You have a right to remove the roots, but you must act reasonably. If the removal of the roots causes the tree to die, you could be held responsible. I might consult with an arborist first to determine if the root removal can be done safely. In any event, the damage being caused by your neighbor's tree is his responsibility and constitutes a continuing nuisance and a trespass. You have a right to go to him and demand that he address the situation by removing the tree or trimming the roots on his property as well as to ask him to compensate you for your damages. Note, however, that the statute of limitations is 3 years, so you would only have the right to recover damages occurring within the last three years. In that this is a continuing situation, however, with damages continuing to accrue, you have a continuing right to pursue him for those damages if he does not address the problem.
Attorney Quinn is spot on.....I would only add that if you have suffered $4k in damage you should make a claim against your homeowner insurance. They will make a claim against him/his homeowner's insurance, and you should be able to be compensated for your loss.
Attorney Quinn and Ferris are correct and provide strong advice. I would only add the following - be careful if you pursue the litigation route with a neighbor. Many of these cases end up costing more in legal fees then the amount of damage done to your property. If you haven't already, perhaps have an informal conversation with your neighbor and see if this issue can be resolved between the two of you.

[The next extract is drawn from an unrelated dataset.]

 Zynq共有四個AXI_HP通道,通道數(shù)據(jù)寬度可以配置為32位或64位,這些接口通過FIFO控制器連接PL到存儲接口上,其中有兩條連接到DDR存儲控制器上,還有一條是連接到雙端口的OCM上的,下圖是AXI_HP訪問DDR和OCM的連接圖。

There is potential liability if you cut the roots and the tree dies. While the tree roots encroaching under the land constitute a nuisance as set forth in Civil Code 3479, there is a 1994 appellate court case (Booska v. Patel) in which the court held that the "basic policy of this state .. is that everyone is responsible for any injury casued another by his want of ordinary care or skill in the management of his property." Thus, while historical decisions seemingly gave the right to cut limbs, roots, branches at the property line, the more modern approach is to balance a landlowner's right to control his/her own property with a duty to act reasonably.